SVS-GAN: Leveraging GANs for Semantic Video Synthesis
Khaled M. Seyam, Julian Wiederer, Markus Braun, Bin Yang
TL;DR
This work formalizes Semantic Video Synthesis (SVS) and introduces SVS-GAN, a dedicated SVS framework that autoregressively generates a video sequence from a semantic-map stream and a reference frame $I_1$. The architecture features a triple-pyramid generator that fuses past-frame appearance with current semantic guidance via SPADE blocks and an occlusion-modulated warping mechanism, together with an encoder–decoder image discriminator and a video discriminator that operate at multiple temporal scales. A novel OASIS-based supervision is integrated to improve semantic alignment, supplemented by perceptual, feature-matching, and flow-based losses to ensure both frame realism and temporal coherence.

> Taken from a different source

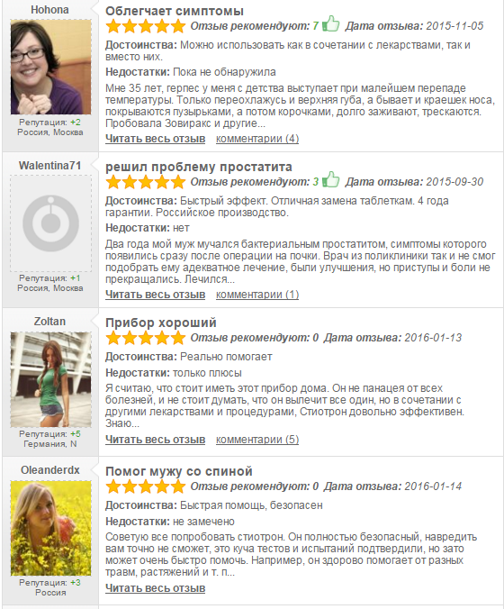 Очень много уже положительных отзывов о приборе " Стиотрон ", но конечно же нужно проконсультироваться с врачом, сдать анализы. " Стиотрон " может помочь от многих заболеваний, так же это очень удобно, не нужно бегать по поликлиникам, а делаете процедуру дома, в удобное для вас время.
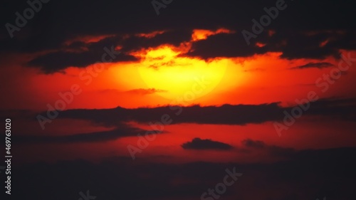 © AbdiasRosendo, Naklejka premium Sunset with clouds simulating mountains and fog

Empirically, SVS-GAN achieves state-of-the-art performance on Cityscapes Sequence and KITTI-360, running efficiently on a single GPU at $1024\times512$ with around $40\ \mathrm{ms}$ per frame, and demonstrating strong generalization to long sequences and rare object classes. Limitations include dependence on the previous frame for appearance consistency, potential world-consistency issues over long horizons, and challenges in optical-flow estimation around maneuvering edges, suggesting future work on integrating 3D world representations and improved motion modeling.
Abstract
In recent years, there has been a growing interest in Semantic Image Synthesis (SIS) through the use of Generative Adversarial Networks (GANs) and diffusion models. This field has seen innovations such as the implementation of specialized loss functions tailored for this task, diverging from the more general approaches in Image-to-Image (I2I) translation. While the concept of Semantic Video Synthesis (SVS)$\unicode{x2013}$the generation of temporally coherent, realistic sequences of images from semantic maps$\unicode{x2013}$is newly formalized in this paper, some existing methods have already explored aspects of this field. Most of these approaches rely on generic loss functions designed for video-to-video translation or require additional data to achieve temporal coherence. In this paper, we introduce the SVS-GAN, a framework specifically designed for SVS, featuring a custom architecture and loss functions. Our approach includes a triple-pyramid generator that utilizes SPADE blocks. Additionally, we employ a U-Net-based network for the image discriminator, which performs semantic segmentation for the OASIS loss. Through this combination of tailored architecture and objective engineering, our framework aims to bridge the existing gap between SIS and SVS, outperforming current state-of-the-art models on datasets like Cityscapes and KITTI-360.